(A) as \( x \rightarrow-\infty, f(x) \rightarrow-\infty \) and as \( x \rightarrow \infty, f(x) \rightarrow-\infty \) (B) as \( x \rightarrow-\infty, f(x) \rightarrow \infty \) and as \( x \rightarrow \infty, f(x) \rightarrow-\infty \)

The behavior of a function \( f(x) \) as \( x \) approaches \( -\infty \) and \( \infty \) can provide important information about its overall shape and characteristics. Let's analyze the two cases you've presented: ### Case (A) - As \( x \rightarrow -\infty \), \( f(x) \rightarrow -\infty \) - As \( x \rightarrow \infty \), \( f(x) \rightarrow -\infty \) In this case, the function \( f(x) \) decreases without bound as \( x \) moves towards both negative and positive infinity. This suggests that the function may have a maximum value at some finite point, but it does not rise to positive values as \( x \) goes to either extreme. A common example of such a function is a downward-opening parabola, like \( f(x) = -x^2 \). ### Case (B) - As \( x \rightarrow -\infty \), \( f(x) \rightarrow \infty \) - As \( x \rightarrow \infty \), \( f(x) \rightarrow -\infty \) In this scenario, the function \( f(x) \) increases without bound as \( x \) approaches negative infinity, but decreases without bound as \( x \) approaches positive infinity.

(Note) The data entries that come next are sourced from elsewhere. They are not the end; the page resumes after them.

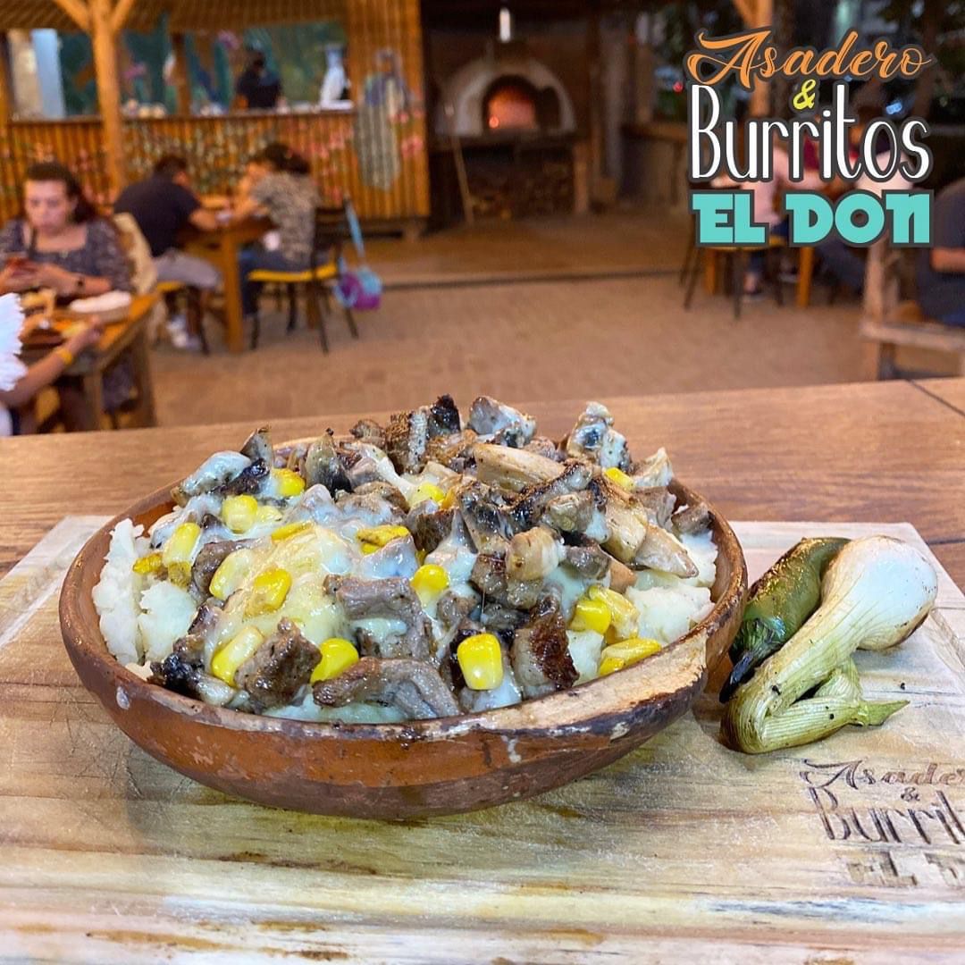 2 Carnes a elegir, queso gratinado, crema, elote y champiñones.
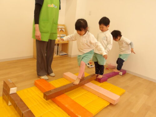 「跳び箱やりたい!」から始まって、気づけばサーキット遊びの配置も自分たちで考え、自分たちの手で作り上げ、お部屋の中でも思いっきり体を動かして遊びました😊
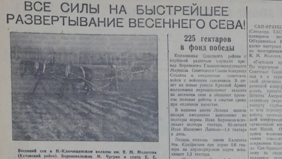 В Горьковской области продолжают отмечать встречу войск Красной Армии и союзников на Эльбе. 29 апреля 1945 года газета «Горьковская коммуна» публикует обращение Героя Советского Союза Петра Кузьмича Спикина. «Красная Армия и войска наших союзников рассекли фронт немецких войск и соединились в центре Германии», — говорится в нём. Герой рассказывает, что «тоже дрался за приближение этого дня» и даже в самых тяжёлых условиях «твёрдо знал, что великий Сталин приведёт нас к победе». Пётр Спикин призвал трудящихся Горьковской области работать ещё самоотверженнее. Спикин получил звание Героя Советского Союза в возрасте 25 лет. К сентябрю 1943 года он в звании гвардии старшего лейтенанта командовал дивизионом воздушно-десантного артиллерийского полка. Спикин отличился во время битвы за Днепр. Сражался, несмотря на тяжёлое ранение. В 1944 году он был уволен в запас и стал жить в Горьком. Работал в обкоме партии. На селе тем временем начался сев, и в Бутурлинском районе колхозная молодёжь решила сверх плана засеять 52 гектара зерновых и картофеля из собственных запасов в фонд помощи детям фронтовиков. Сообщается, что инициаторами стали комсомольцы колхоза «Красная звезда». Стало известно, сколько денег и на что направят в Горьковской области в 1945 году. О бюджете рассказал первый секретарь обкома партии Михаил Родионов. Если в 1940 году в казне Горького и области было 484 млн рублей, то на 1945‑й бюджет принят в сумме 650 млн. Промышленность работает успешно – за 1944 год программа выполнена на 103,2 процента. А в колхозах за годы войны посевные площади выросли на 40 тысяч гектаров. «С особой силой, — говорится в докладе, — в бюджете отражена забота о детях и матерях». В области расширили сеть детских домов, и в них находятся 10265 человек. Выросло и число мест в детских садах – до 12373. А в школах число учащихся увеличилось с 460 тысяч в 1944 году до 508 тысяч. Михаил Родионов сообщил, что в Горьком и по области семьям военнослужащих и инвалидам войны в 1944 году выдано пенсий и пособий почти на 270 млн рублей. Родионов подчеркнул, что если в 1940 году на социально-культурные нужды пошло 352 млн рублей, то в нынешнем запланировано 462 млн, то есть больше на треть. На 15 млн рублей больше решено направить на здравоохранение. Вы тоже можете принять участие в наших проектах в годовщину 80-летия Великой Победы. Пишите нам в сообщения сообщества ВКонтакте. Расскажите о своих родственниках, которые воевали или трудились в тылу. Расскажите всем о том, как они в невероятных условиях приближали победу. К письму можно приложить выдержки из писем, документов и фотографии.
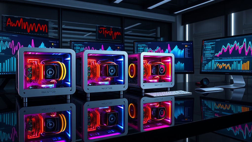 The GPU power of a Mac Studio directly influences its ability to handle machine learning tasks efficiently. Higher core counts, like 16 or more, deliver increased parallel processing, which speeds up training and inference. Pairing a robust GPU with ample unified memory guarantees the system can manage large datasets and complex models without bottlenecks. Hardware features like dedicated media engines and hardware-accelerated ray tracing further enhance GPU performance, optimizing data processing. Selecting a Mac Studio with a powerful GPU reduces training times and boosts throughput, making it ideal for compute-intensive machine learning applications. Ultimately, investing in a high-performance GPU ensures your workflows run smoothly and efficiently, translating to faster results and improved productivity in your machine learning projects.
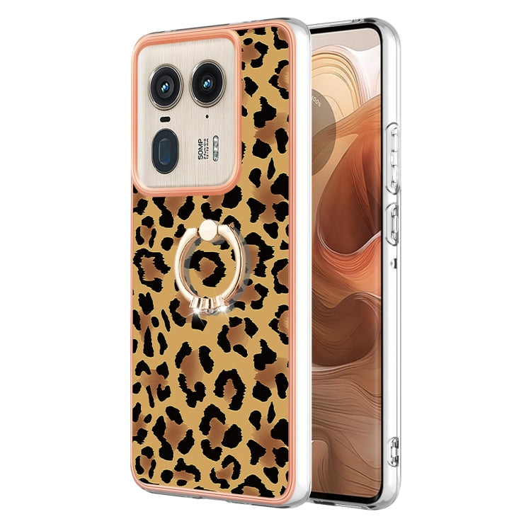 Estuche para Motorola Edge 50 Ultra con Galvanoplastia Imd Doble Cara y Soporte para Anillo (Leopardo)
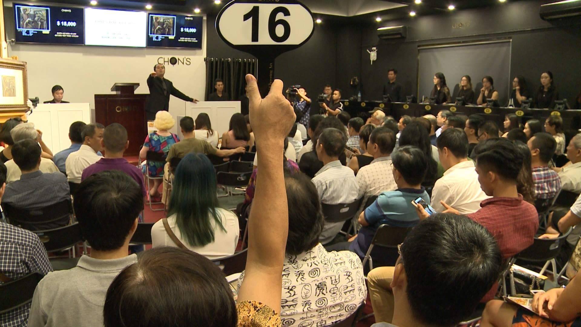 Những cái biển giơ lên, tiếng rao giá, tiếng búa gõ, tiếng chuyện trò rì rầm, tiếng vỗ tay…vang lên. Đó là không khí thường thấy ở Nhà đấu giá Chọn - một nhà đấu giá mới tròn 1 năm hoạt động, nhưng đã có thương hiệu và là địa chỉ quen thuộc để các nhà sưu tập tranh, người yêu hội họa lui tới.
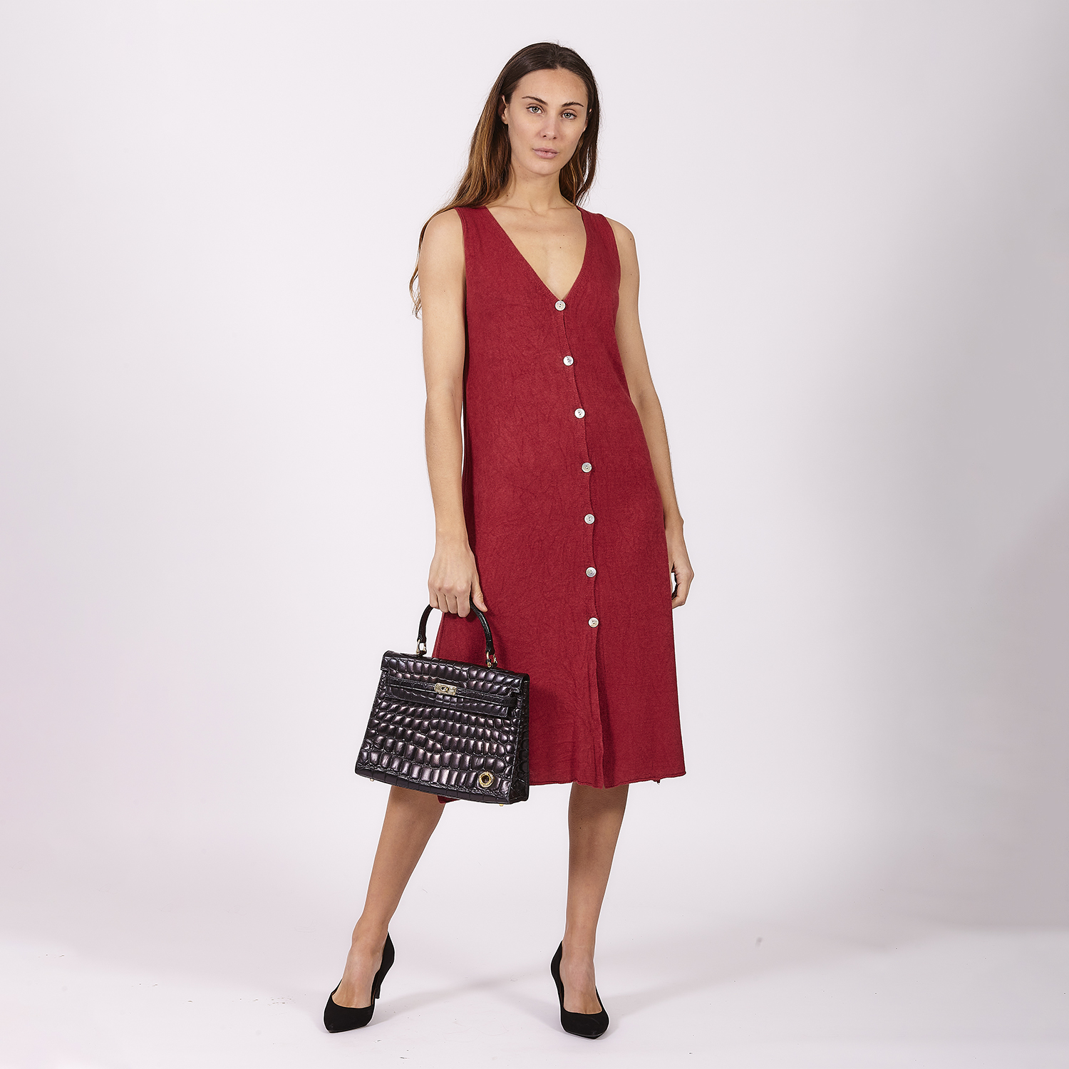 Vestido rojo con mangas, botines y cinturón y por debajo de las rodillas. Un look formal pero fácil de usar para una variedad de ocasiones. La cintura es entallada y el escote cruzado crea un escote en pico. La parte inferior del vestido destaca por el tejido que envuelve el vestido y realza la figura.

This indicates that the function has a maximum point somewhere in between, and it could resemble an upward-opening parabola that eventually decreases, such as \( f(x) = x^2 - 1 \). ### Summary - **Case (A)** indicates a function that is always decreasing and approaches negative infinity at both extremes. - **Case (B)** indicates a function that increases to positive infinity on the left and decreases to negative infinity on the right, suggesting a maximum point in between. If you have a specific function in mind or need further analysis, feel free to provide more details!